Saved entries:
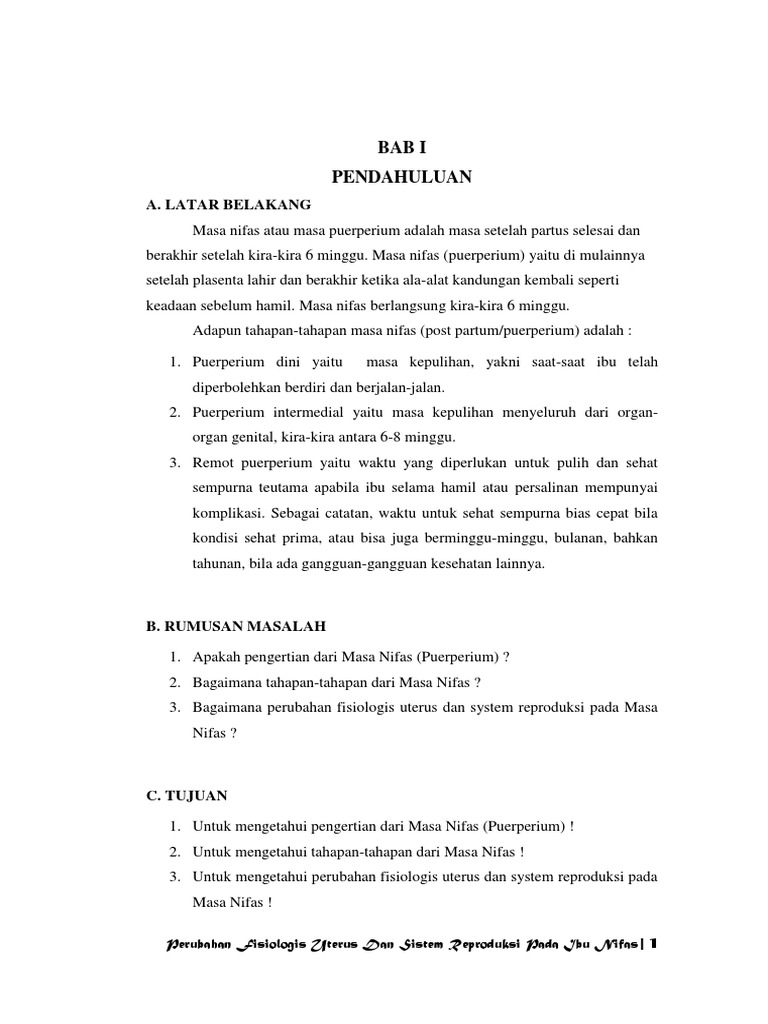 DOC) Makalah Perubahan fisiologis sistem reproduksi pada ibu nifas | Septian Raha - Academia.edu
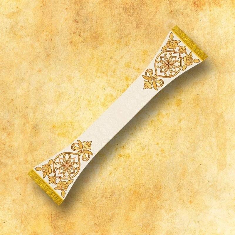 Chasuble présenté en tissu "jacquard" de la plus haute qualité sont disponibles dans des couleurs liturgiques écru. Le motif brodé décorant l'ensemble romain contient le monogramme "IHS" entouré de l'ornement en or original. Les chasubles offerte étaient délicatement raidies et une doublure en satin.
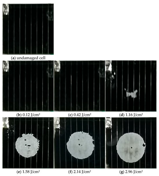 The GaAs solar cell with a surface size of 10 × 10 mm was irradiated by a laser beam with a diameter of approximately 5 mm, a wavelength of 1064 nm, and a pulse width of 10 ns. The laser energy density was varied by changing the energy of the laser. All solar cell samples were obtained from the same production batch to ensure consistency. Prior to laser irradiation and spectral measurement, each cell was cleaned using an ultrasonic cleaner with ethanol to remove surface contaminants. Laser energy densities of 0.12, 0.42, 1.16, 1.58, 2.14, and 2.96 J/cm2 were used to irradiate the cells, causing visible damage on the surface. As shown in Figure 1, when the irradiation laser energy density is 0.12 and 0.42 J/cm2, there is no significant change on the surface of the cell; however, when the irradiation laser energy density is 1.16 J/cm2, damage is observed on the surface, with some silver-colored ablative areas appearing at the irradiation site. With the increase in laser energy density, the damage becomes more pronounced, as seen when the irradiation laser energy densities are 1.58, 2.14, and 2.96 J/cm2, where distinct damage areas are visible.
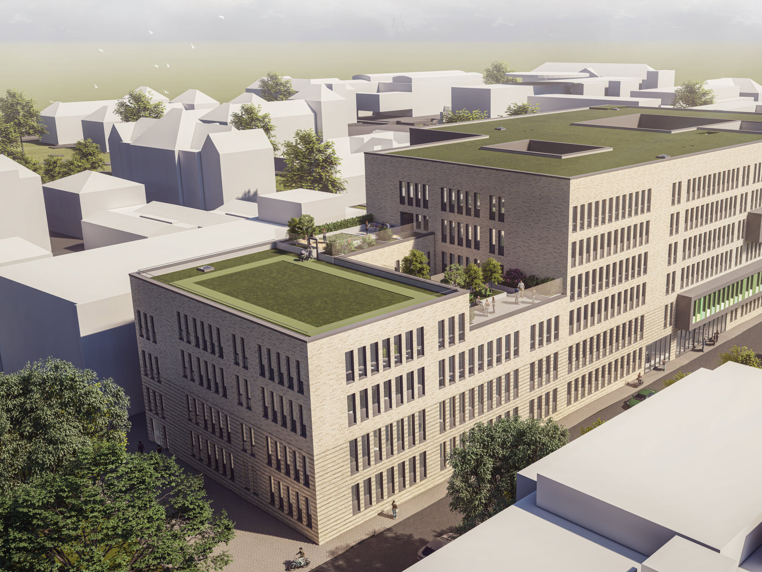 Vor vier Jahren erhielten a|sh sander.hofrichter architekten den Auftrag, das neue Zentrum für seelische Gesundheit (ZSG) im Herzen des Universitätsklinikums Dresden zu planen und umzusetzen. Auf etwa 28.000 m² wird bis 2024 ein Gebäude entstehen, in dem ein fließender Übergang von ambulanten, tagesklinischen und stationären Versorgungskonzepten angeboten wird. Neben den psychiatrischen und psychosomatischen Kliniken werden dort das Zentrum für Gesundes Altern, das Labordiagnostische Zentrum sowie die Early Clinical Trial Unit des gesamten Universitätsklinikums unter einem Dach vereint. Das drei- bis sechsgeschossige Gebäude positioniert sich selbstbewusst durch eine zeitlose, elegante Architektur im Zentrum des Klinikgeländes und nimmt dabei vielfach Bezug auf die städtebauliche Umgebung, indem sich die Außenkanten des Gebäudes an den flankierenden Straßenachsen orientieren, Staffelgeschosse auf die Vielfalt der Gebäudehöhen in der Umgebung reagieren und die sandsteinfarbene Klinkerfassade den regionaltypischen Elbsandstein in Farbigkeit und Struktur aufgreift.
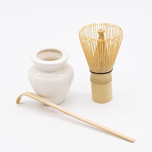 TRIXES Set di frusta da tè verde giapponese Matcha - frusta e cucchiaio/paletta con supporto in ceramica bianca - montalatte biologico e l'accessorio perfetto per la cucina
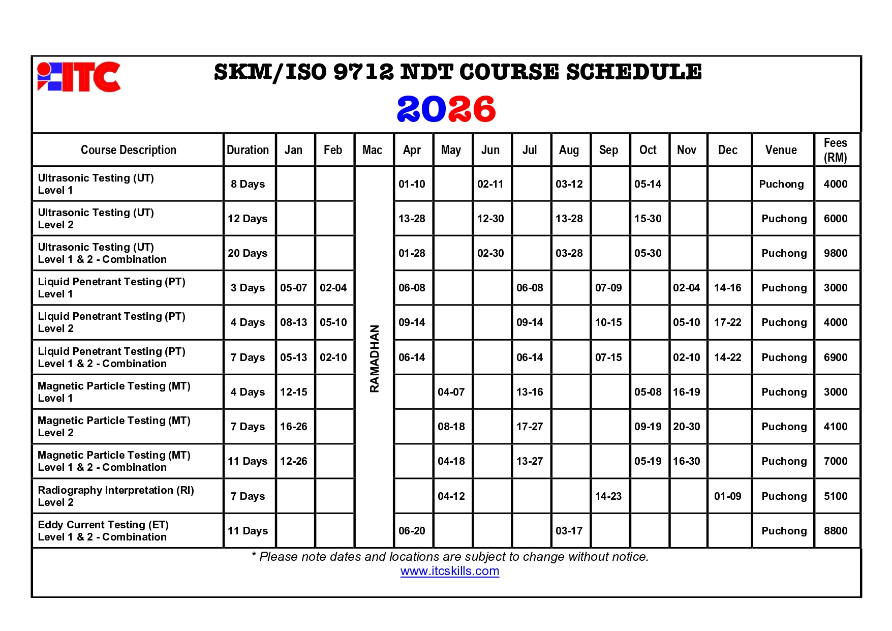 NDT SKM (ISO 9712) SCHEDULE 2026 By zamri|2026-01-18T15:14:23+08:00November 8th, 2025|Uncategorised|0 Comments Leave A Comment Cancel reply Comment Save my name, email, and website in this browser for the next time I comment.

**WHAT YOU ARE ASKED TO DO:**
With the pictures omitted, set down each line exactly, starting at the first line of the records above and ending with the line that contains "Chasuble présenté en".

**YOUR RESPONSE:**
 DOC) Makalah Perubahan fisiologis sistem reproduksi pada ibu nifas | Septian Raha - Academia.edu
 Chasuble présenté en tissu "jacquard" de la plus haute qualité sont disponibles dans des couleurs liturgiques écru. Le motif brodé décorant l'ensemble romain contient le monogramme "IHS" entouré de l'ornement en or original. Les chasubles offerte étaient délicatement raidies et une doublure en satin.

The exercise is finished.